We computed correlation coefficients to show the conserved relationship of imprinted gene frequency in human, mouse, and cattle. For SINEs and LINEs, correlation coefficients between all pair-wise species were strongly positive (Table 1). For LTRs, each correlation was significantly positive between pair-wise human/cattle and human/mouse, respectively. However the pair-wise mouse/cattle correlation did not show a significant p-value (Pearson's correlation coefficients = 0.21, Spearman's rho = 0.33, Kendall's tau = 0.22). This was because there are a small number of common genes between mouse/cattle compared to human/cattle and human/mouse.

Though LTRs of pair-wise mouse/cattle were nonsignificant, these repetitive elements might be useful indicators for identifying imprinted genes because the data point of LTRs was much smaller than SINEs and LINEs. A higher correlation coefficient reflects a strong linear relationship between two variables. As the numbers of repetitive elements increase in human and mouse, they also increase in cattle; therefore, the correlation of these repetitive elements shows that for these two species, repetitive counts indicate the possibility of similarity. Because SINEs have shorter repeat sequence units than LINEs and LTRs in the genome, the correlation between human, mouse, and cattle had a stronger probability of similarity.

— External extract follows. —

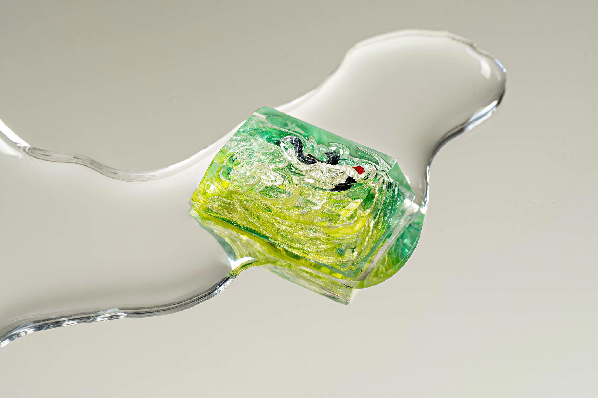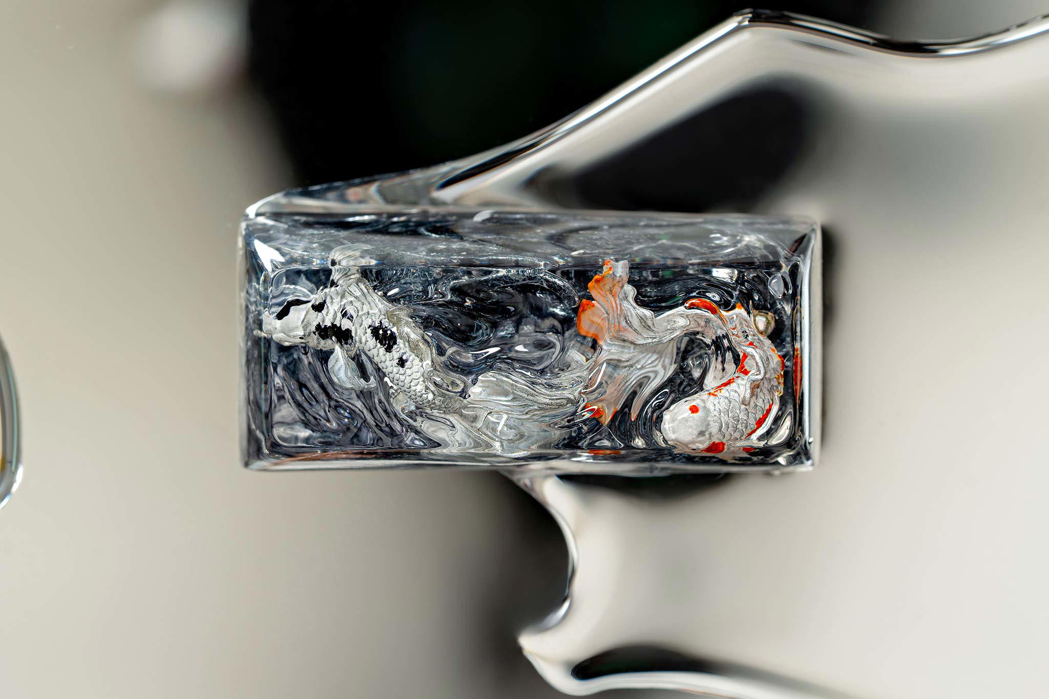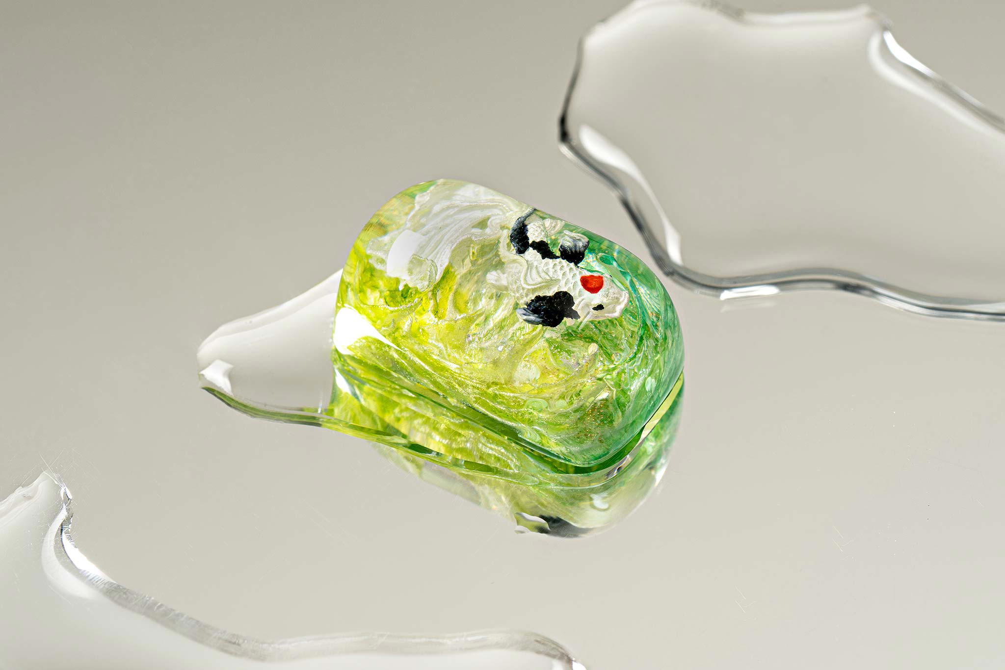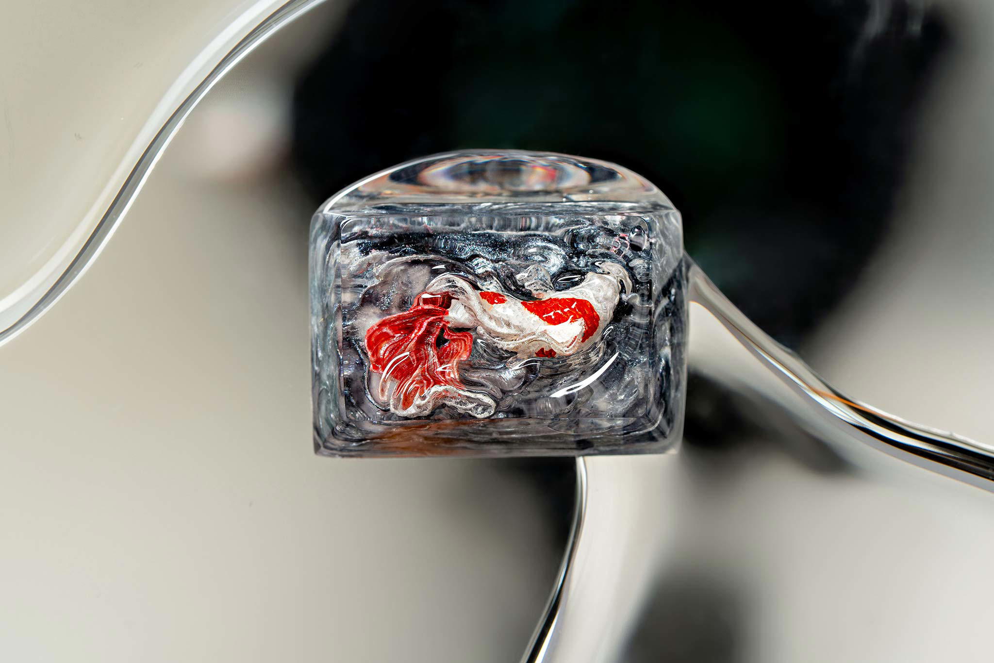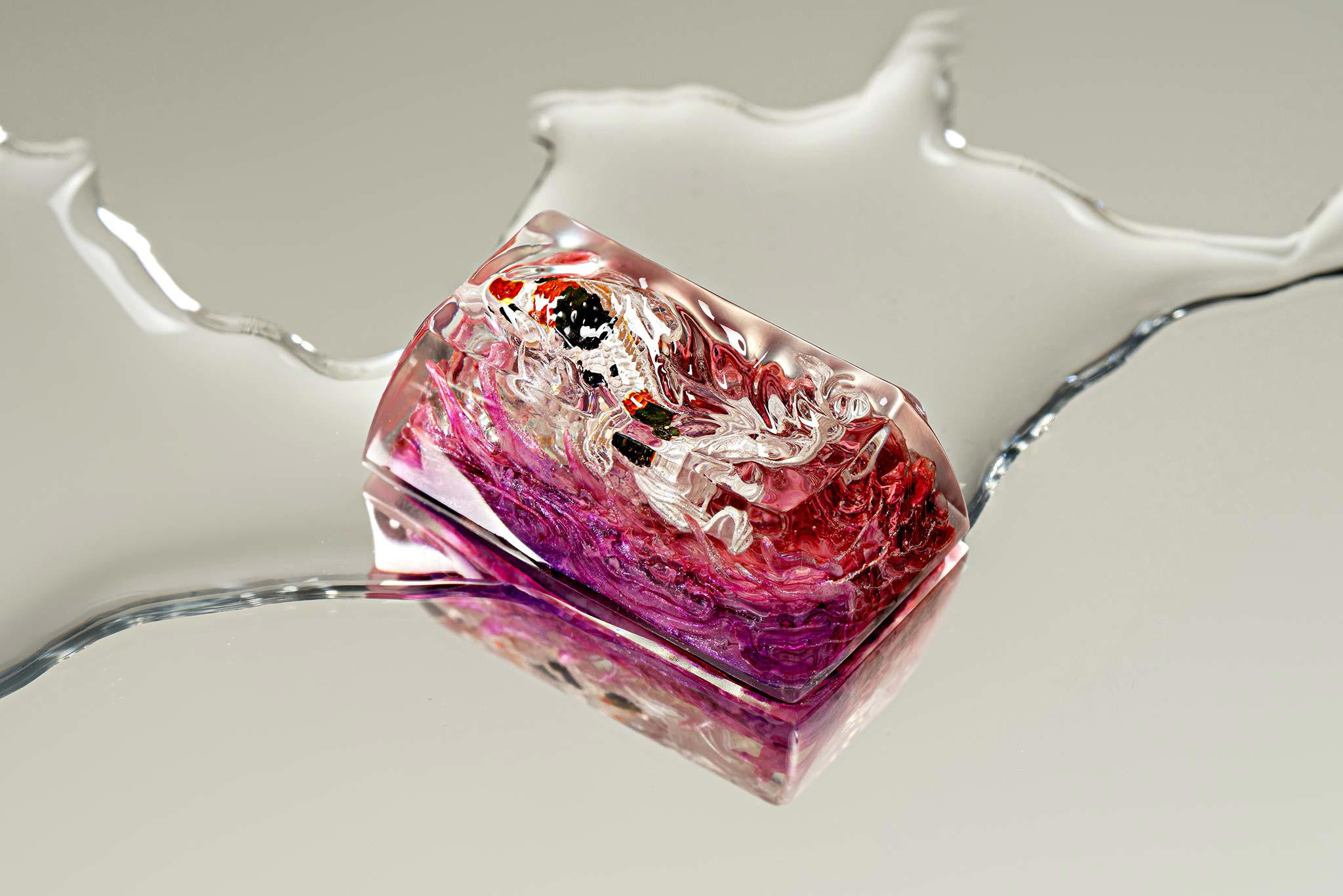 When the final layer of resin is poured, completely encasing the fish, it’s time to position the pre-formed water waves. This is the most crucial step, where “nature” and its “inhabitants” blend into a complete artwork. The most challenging part is handling the protruding portions of the Koi fish – they remain within the resin but rise above the keycap surface with “water” surrounding them, protecting the fish while ensuring daily usability and maintaining consistent aesthetics throughout. But the journey isn’t over yet – we still need to wait another 24 hours for the resin to fully solidify.
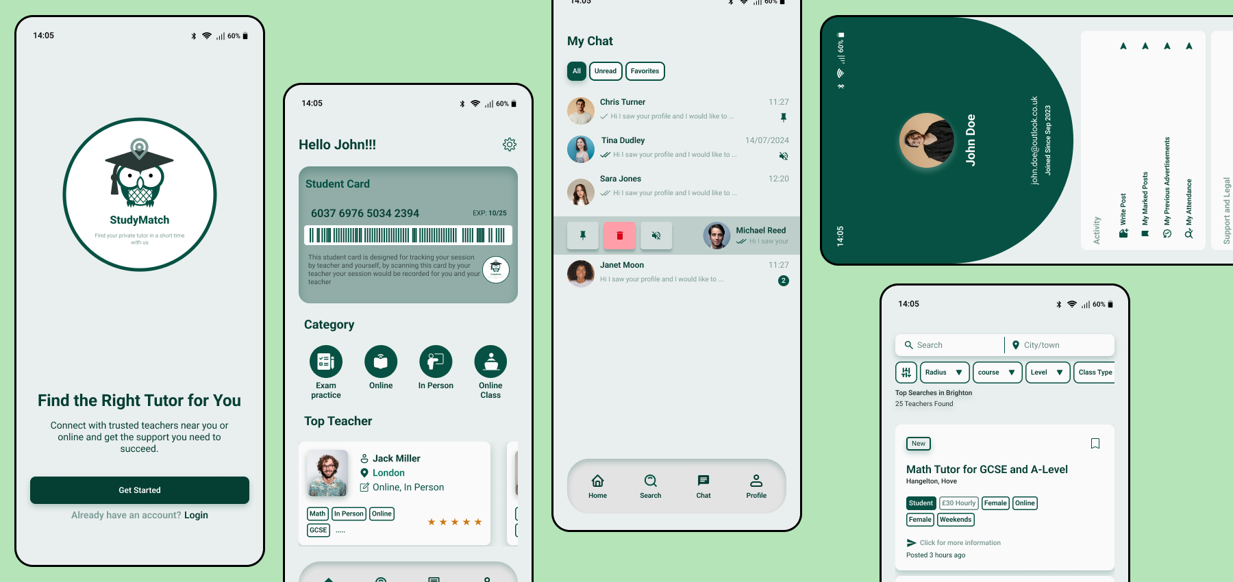 StudyMatch was designed to simplify this process by providing a centralised platform where users can easily search for tutors by subject, location, and learning preference, while communicating safely through a secure messaging system.

Confidence interval for means

We estimated 95% confidence intervals (CI) for mean frequencies of repetitive sequences in the human, mouse, and cattle (Table 2). The 95% CI of SINEs ranged from -39.35 to 75.75 in the human and from -33.52 to 67.35 in cattle between pair-wise human/cattle. The 95% CI of LINEs ranged from -51.55 to 92.89 in the human and from -37.03 to 60.79 in cattle between pair-wise human/cattle. The 95% CI of LTRs ranged from -24.66 to 48.50 in the human and from -22.90 to 36.52 in cattle between pair-wise human/cattle. Although there is no biological meaning of the lower boundary of the CI, the 95% CI in the human had larger ranges than in cattle and also the 95% CI in mouse had larger ranges than in cattle (Table 2; Mouse/Bovine). With increased complexity of an organism, the density of encoding genes decreases and the density of repeated sequences in the DNA increases (Watson et al., 2007). Because the repetitive sequence density is higher in the human and mouse than in cattle, the variation of repetitive element frequency per gene in human and mouse is high. As expected, the variation of repetitive element frequency in the human and mouse was more broadly distributed than in cattle, and the range of counts for each gene in the human and mouse was vastly scattered compared to cattle. We conclude that the human and mouse genome might have more genetic complexity features and functions. These widespread mechanisms would contribute to identifying complexity in the genome.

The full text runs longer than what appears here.